Cracks are likewise showing in what once was understood as a unanimous and uncritical evangelical support of Israel as epitomized by a 2006 New York Times headline noting that, “For Evangelicals, Supporting Israel Is ‘God’s Foreign Policy.’” Just last month, Christianity Today featured a review of Caitlin Carenen’s The Fervent Embrace, in which Wheaton College professor Gary Burge took issue with the author’s broad categorization of evangelicalism as unilaterally Zionist, noting that “It is frustrating to see ourselves summarized through the extreme voices of Jerry Falwell or Hal Lindsey—and today, Pat Robertson and John Hagee. Evangelicals are more complex than this.”
The Risk
Though dissenting voices remain in the minority, they have become a significant enough minority that they merit a more nuanced profile of evangelicals in the media. But even more important than mere accuracy is the real risk that the failure to shift from the broad characterization of evangelicals as fundamentalist and resistant to dialogue will lead to a further dismissal, not just of this one group, but of any who attempt to draw a relationship between religious belief and political conviction. In short, we let a monolithic evangelicalism that exists only in the media’s imagination spoil it for everyone.
Those who espouse the view that religion and politics should occupy completely separate spheres often do so as a rejection of what they see as overreaching on the part of that amorphous evangelical voting bloc. Andrew Sullivan, a self-identified Christian who refers to “the fusion of politics and religion for the advancement of political goals,” as “Christianism,” calls for a kind of “libertarian Christianity” in which faith is a private matter and does not come into contact with politics in the public sphere.
David E. Campbell and Robert D. Putnam, authors of American Grace: How Religion Divides and Unites Us, wrote in a New York Times op-ed last summer that what makes the Tea Party movement so unpopular to a large segment of the population is the conservative impulse to mix religion and politics. Americans, they suggest, oppose the mingling of the two.
And yet Campbell and Putnam’s own data show that the majority of Americans consider themselves religious. Perhaps what many actually oppose is the way certain types of evangelicals mix their religion and politics. R. R. Reno, writing at the blog of conservative Catholic publication First Things, argued in response to Campbell and Putnam’s op-ed that, “In truth, although many mouth the platitude, few actually are opposed to ‘mingling religion and politics.’ They just oppose mingling certain kinds of religion with certain kinds of politics.”

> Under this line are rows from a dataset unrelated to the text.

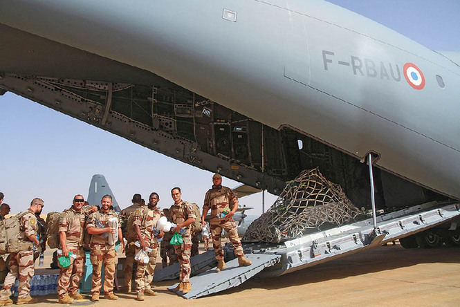 2023年12月22日,在尼日尔首都尼亚美一处军事基地,法国军人登上运输机准备撤离
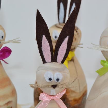 Schöne Osterdeko - Osterhase aus Holz. Handgefertigt aus gewünschtem Holz mit Filzohren und Stoffschleife.
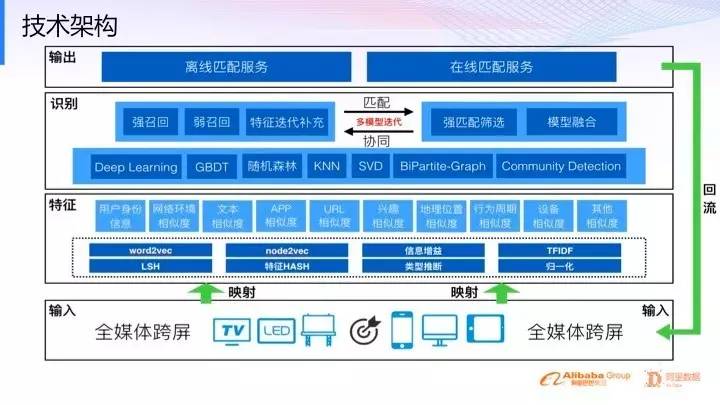 大家可以看到,整个技术体系都是,先把数据接进来,再通过一些机器学习或者深度学习的办法(像word2vec,node2vec,TFIDF,归一化等)处理特征层,之后映射到一些比较抽象的高纬度Level(比方说像用户的身份信息,网络的环境相似度,文本的相似度,APP相似度等等)。
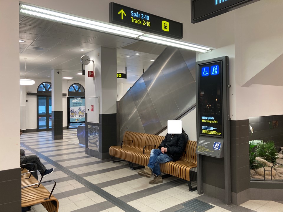 Inne. I väntsal till höger om rulltrappan.
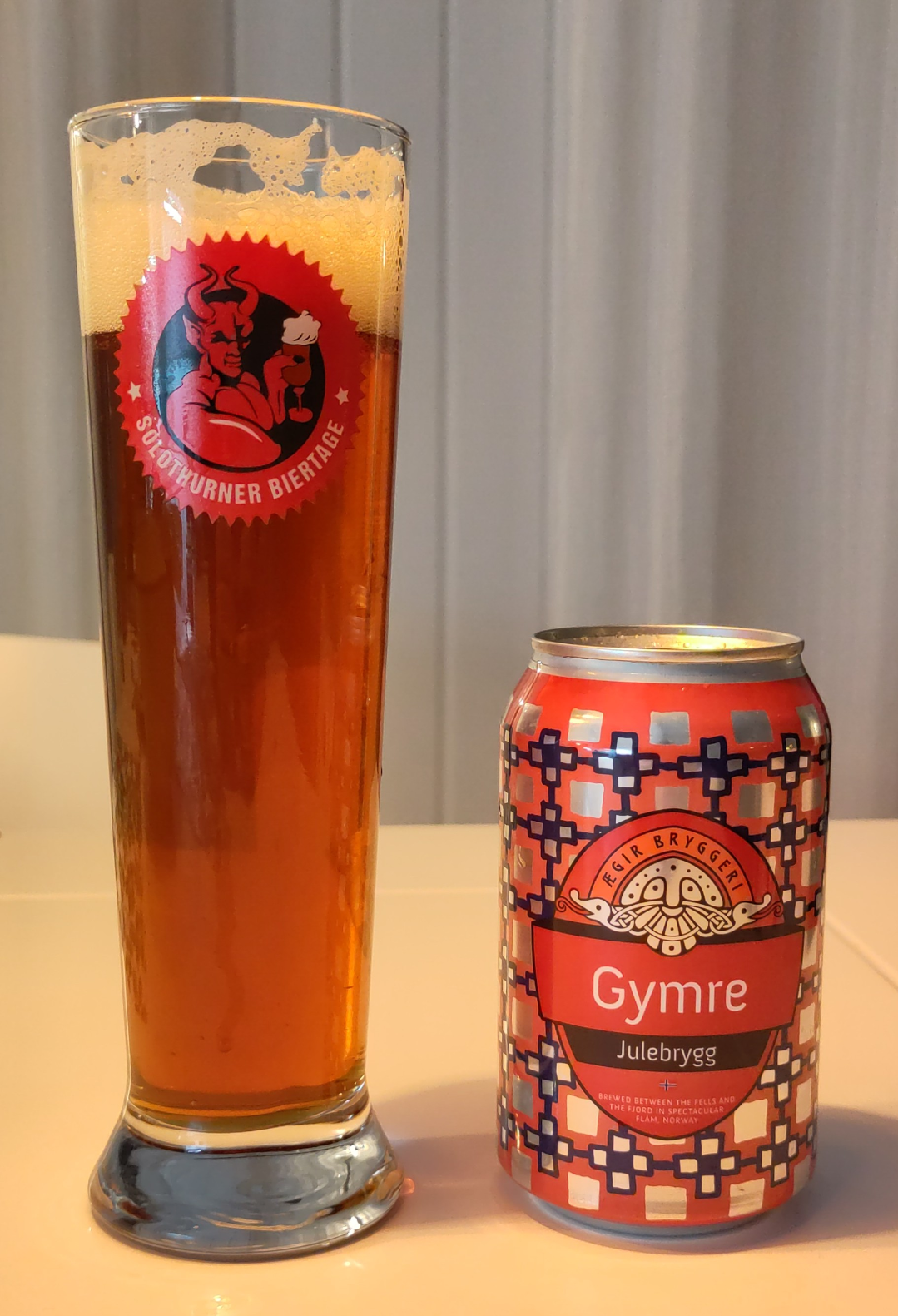 Hah. Jeg kom på at jeg faktisk tar helg i dag, så da er det jo helt på sin plass å prøvekjøre enda en butikkøl. Denne gangen er det en røver fra Ægir, ved navn Gymre. Mørkt, klassisk juleøl, men med et hint av torvrøkt malt.
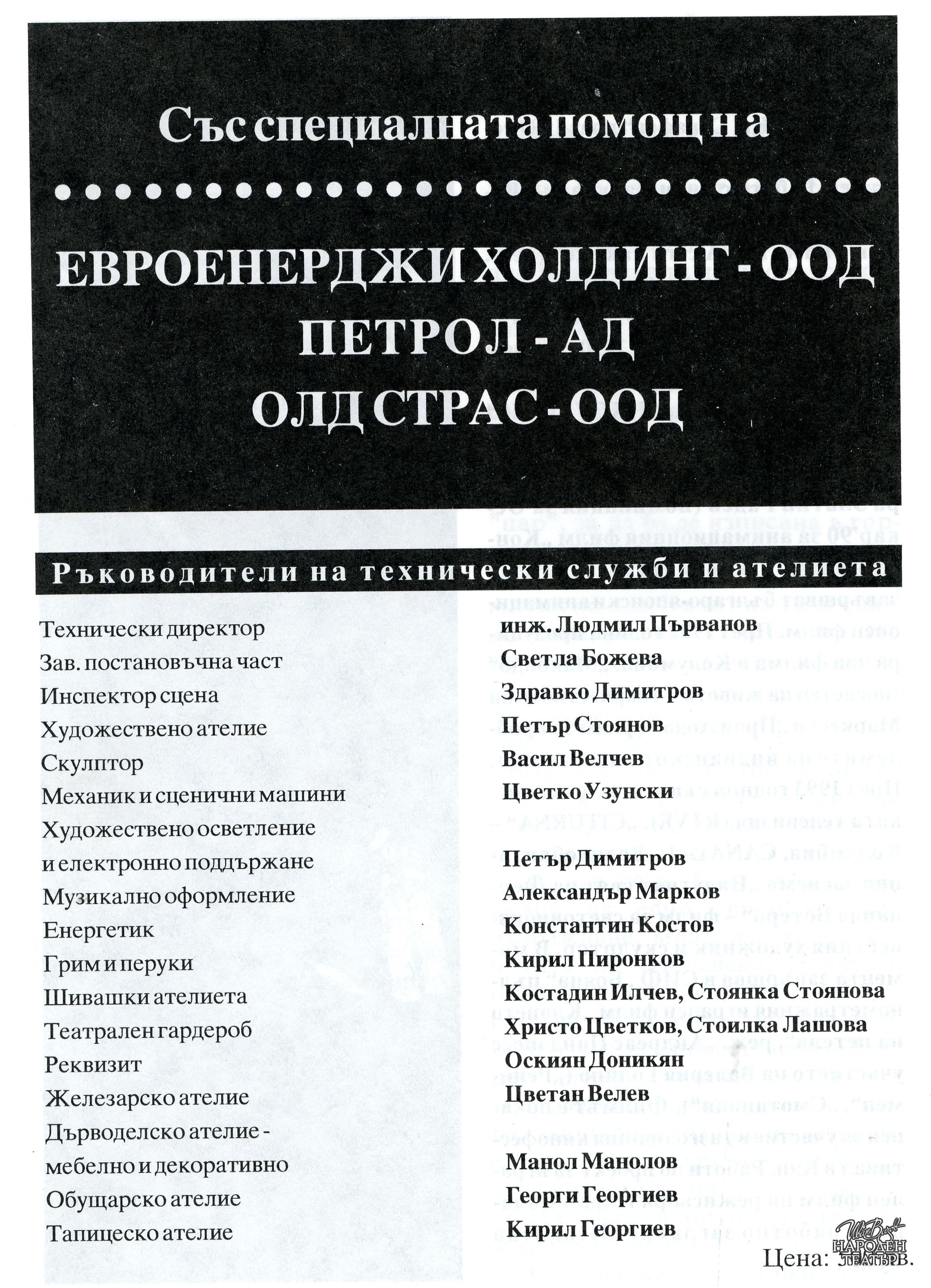 | Институция | Народен театър „Иван Вазов“, гр. София, България |
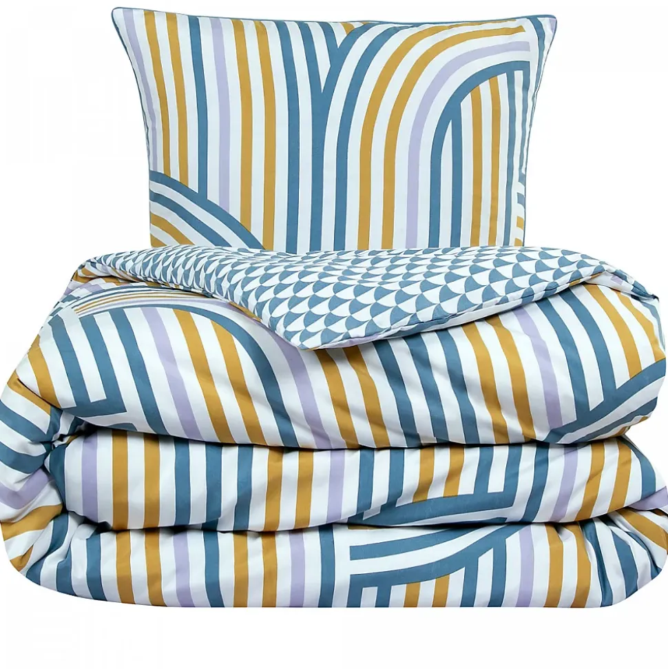 Parure de lit en microfibre réversible imprimé géométrique TANGO comprenant 1 housse de couette + 2 taies d’oreiller 63x63cmApportez une touche de modernité et de dynamisme à votre chambre avec la parure de lit Tango, conçue pour sublimer votre intérieur avec un design réversible et un imprimé géométrique audacieux dans des tons bleus et jaune. Son motif contemporain apporte du caractère à votre décoration tout en créant une atmosphère chaleureuse et élégante.Les taies d’oreiller assorties complètent l’ensemble avec harmonie, ajoutant une touche raffinée à votre lit. Conçue pour votre bien-être, la parure Tango est certifiée Oeko-Tex et lavable en machine à 30°, garantissant un entretien facile et une durabilité optimale.Nos parures Tango sont réalisées en microfibre lavée, une matière douce et soyeuse au toucher effet peau de pêche, offrant un confort incomparable.Offrez-vous le parfait équilibre entre style et confort avec Tango, une parure qui invite à la détente et à la douceur.A compléter avec nos draps housse de la collection ESSENTIEL – FUTURE HOMECOMPOSITIONS PRODUIT :Matière : 100% Polyester – Microfibre lavée – effet peau de pêcheCouleurs : MulticoloreFinition des taies : BiaisFinition de la housse de couette : boutonsCertification : OEKO-TEXLavage : à 30°C en machine2 taies d’oreiller 63x63cmEn savoir plus :Ce produit labélisé STANDARD 100 by OEKO-TEX – certificat n° 18.HPK48415 HOHENSTEIN HTTI suit un processus de fabrication certifié et contrôlé, respectueux de votre peau. Le STANDARD 100 by OEKO-TEX EST un label qui vous garantit que vos draps ne contiennent aucuns produits toxiques pour votre santé.
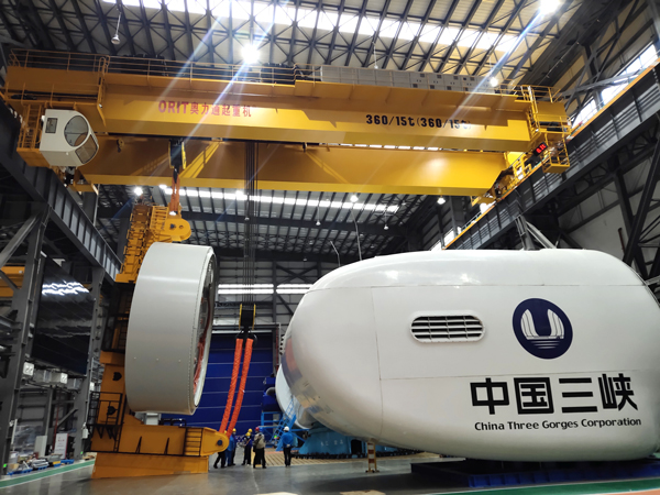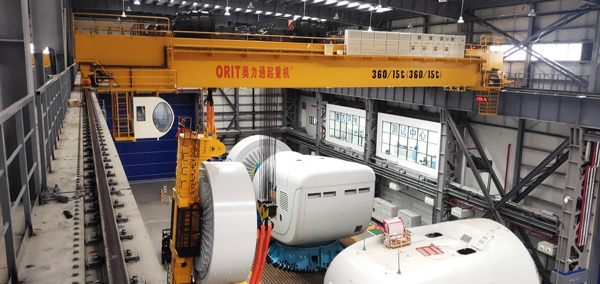 近日,我国清洁能源捷报频传,继10兆瓦风电机组成功下线不久后,13兆瓦亚洲单机容量最大风电机组于今年2月22日在福建三峡海上风电产业园成功下线。这不仅带动了我国风电全产业链升级,引领我国海上风电再获新突破,同时也促进大型国产吊装设备、安装运维等发展。ebpay钱包有幸参与东方风电13兆风电机组生产线大吨位双梁桥式起重机的设计、生产、安装、维护等项目建设,分别交付360t双小车起重机2台、150t起重机2台、125t起重机3台、100t起重机1台和32t起重机1台,用于10MW和13MW系列海上风力发电机组电机和整机装配。
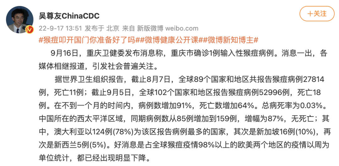 重庆报告中国大陆“首例”猴痘病例,是否还有漏网病例?9月17日,吴尊友在微博发文回应。全文如下:
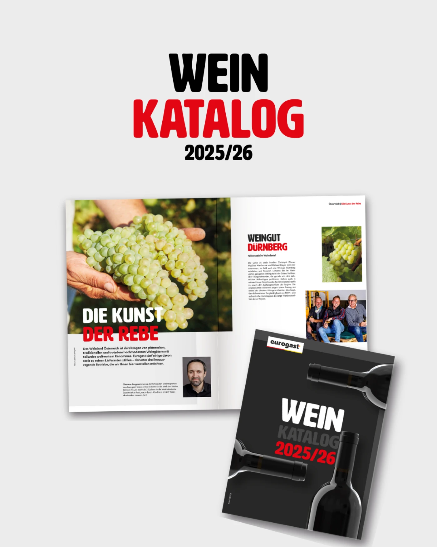 Der Weinkatalog 2025/26 ist die dritte Ausgabe – er steckt also noch immer ein Stück weit in den Kinderschuhen. Unser Vollsortiment umfasst nicht nur Lebensmittel, sondern auch ein facettenreiches Wein- und Schaumweinsortiment – ein Angebot, das wir vielen unserer Kund:innen noch stärker näherbringen möchten. Wer den Katalog noch nicht kennt oder noch nie in der Hand hatte, kann sich gerne vertrauensvoll an die zuständigen Betreuer:innen bei Eurogast wenden. Die Entstehung des Kataloges ist ein laufender Prozess: Über das ganze Jahr hinweg beobachten wir im Einkauf gemeinsam mit unseren Weinexpert:innen aktuelle Trends und nehmen regelmäßig neue Winzer:innen und Weine in das Sortiment auf. Der Katalog ist also lebendig und entwickelt sich ständig weiter.
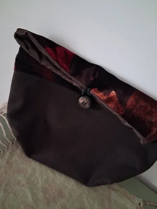 Elegante pochette realizzata in tela e velluto. Capiente 20 per 24 cm Nuova - Tessuto principale in tela marrone. - Dettagli in velluto con fantasia a scacchi nei toni del rosso e marrone. - Chiusura con bottone.
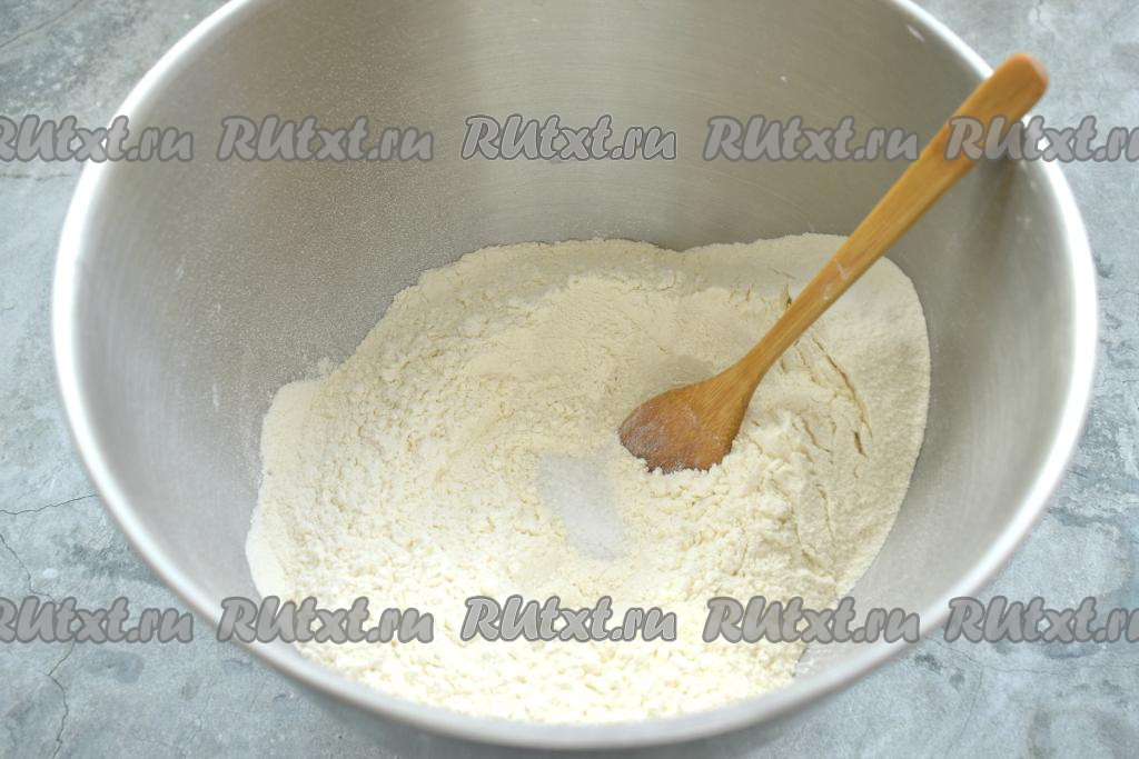 Приготовление домашних пельменей начнём с замешивания теста. Для этого в глубокую миску просеиваем 3 стакана муки, затем всыпаем соль и перемешиваем лопаткой (или ложкой), образуя в центре воронку.
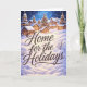 This folded greeting card captures the essence of the holiday season with a picturesque winter landscape. The cover features the phrase 'Home for the Holidays' in elegant cursive script, set against a starry night sky filled with twinkling lights. Below, a cozy wooden cottage glows warmly, surrounded by lots of fresh, untouched snow blanketing rooftops, trees, and the winding path that leads to the door.
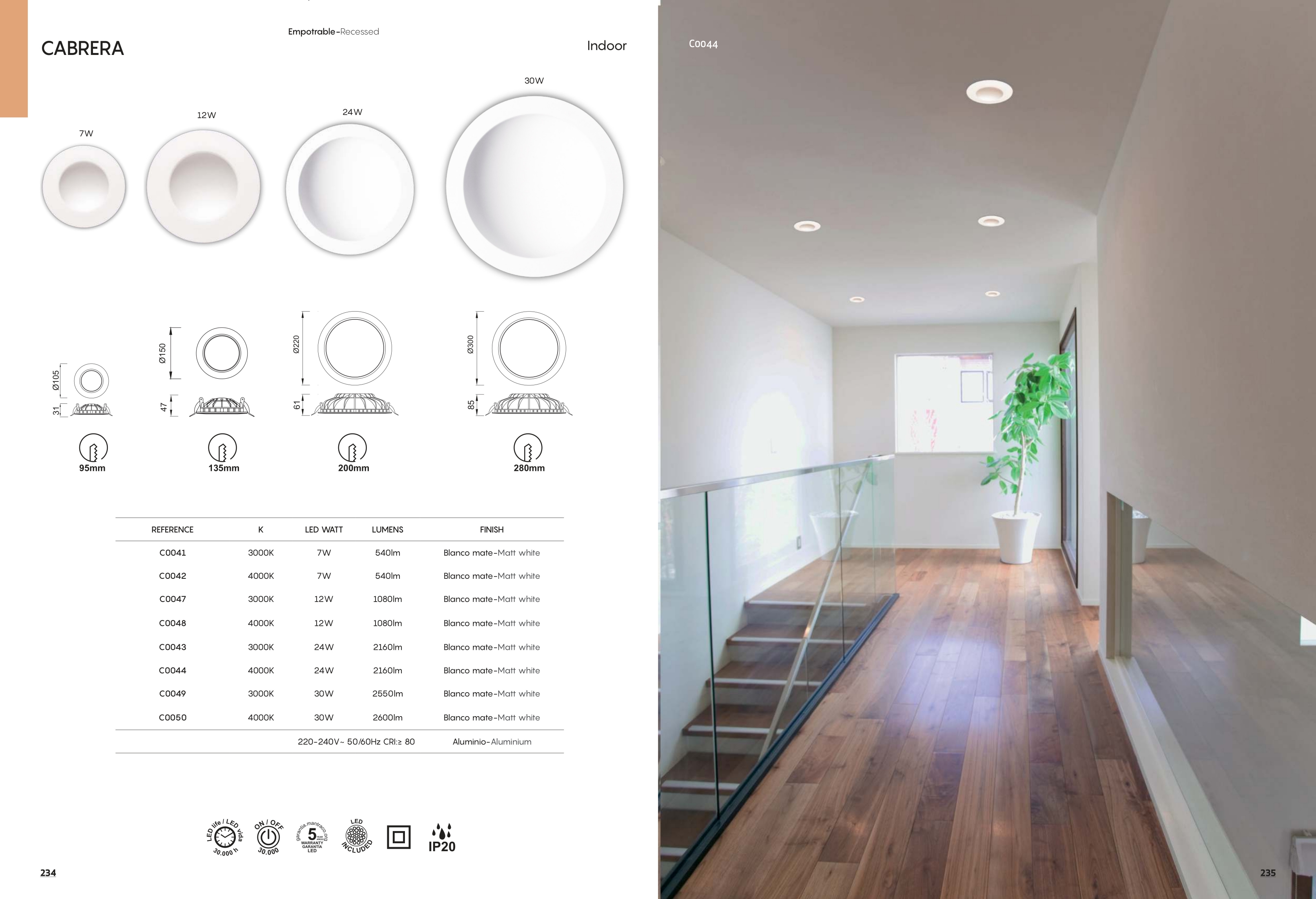 Осветителното тяло C0049 Matt White 30W 3000K 2550lm CABRERA представлява лед луничка / луна в съвременен стил. C0049 Matt White 30W 3000K 2550lm CABRERA е от категорията и е подходящо за осветяване на различни помещения и пространства като: всекидневна / хол, спалня, кухня, трапезария, коридор, антре, стълбище, офис.
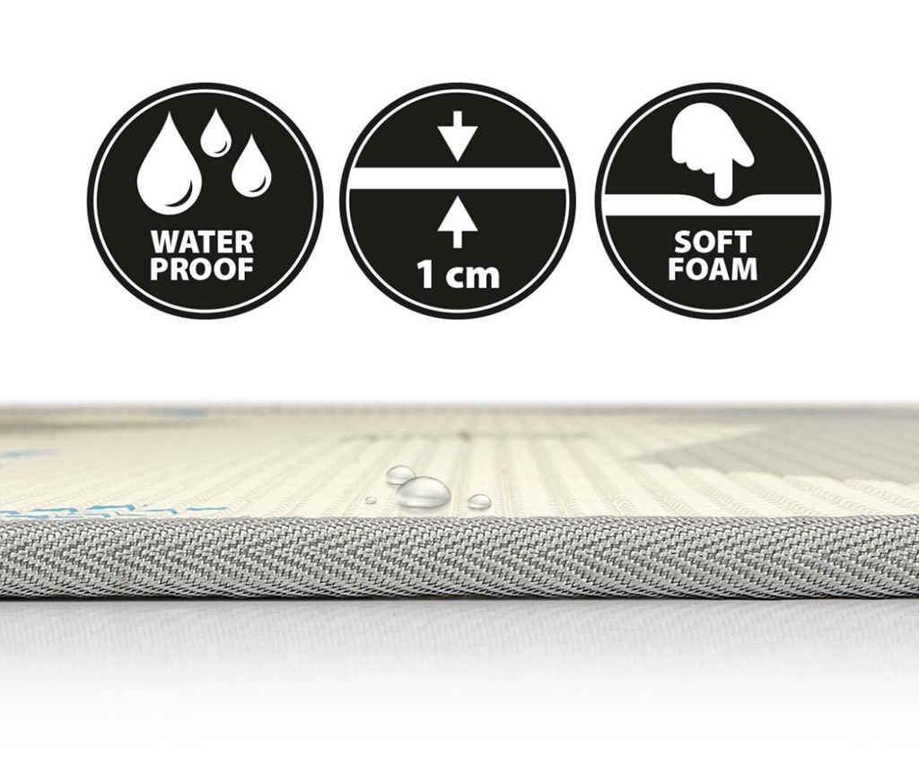Kreatívne a farebné vzory podložky povzbudzujú aktivitu, najmä v raných fázach vývoja. Plochý povrch penovej podložky umožňuje vášmu dieťaťu modelovať stabilný trup, prirodzene a voľne otáčať hlavou, precvičovať rotácie, opierať sa, správne zaťažovať nohy a stabilne a bezpečne sedieť. Rolovacia penová podložka KINDER je bezpečným a pohodlným miestom na hranie. Produkt poskytuje vynikajúcu izoláciu od studených podláh a vďaka nepremokavému povrchu sa ľahko čistí a je ideálnym doplnkom do každej izby. Jeho vysoká flexibilita zaisťuje vynikajúce tlmenie nárazov v prípade pádu. Je možné ho použiť aj vonku na hladkom povrchu. Naša podložka je tiež ideálna na cesty.VLASTNOSTI PRODUKTU:

Again, because evangelicals are often portrayed as a unified front by the mainstream media, we assume that any mingling of the two necessarily manifests itself in the image of the most conservative evangelicals. Many who are themselves religious come to believe that they cannot and should not allow their beliefs to influence their politics.
Once we recognize that there are shades of evangelicalism, and that they manifest in a variety of political convictions, perhaps we will come to see that religious beliefs deserve legitimate space in the public square.
For my part, I found it was easier to simply stop identifying as evangelical rather than to try to convince others of what shade of evangelical I was. But for so many of my friends and family members who hold tightly to both evangelical theology and some variety of evangelical culture, this is too great an acquiescence. For current evangelicals, then, it’s important that the rest of us begin to see and understand the differences between the various shades of evangelicalism as a means of ensuring that their voice, and the voices of religious people of all denominations, does not become marginalized in the public square.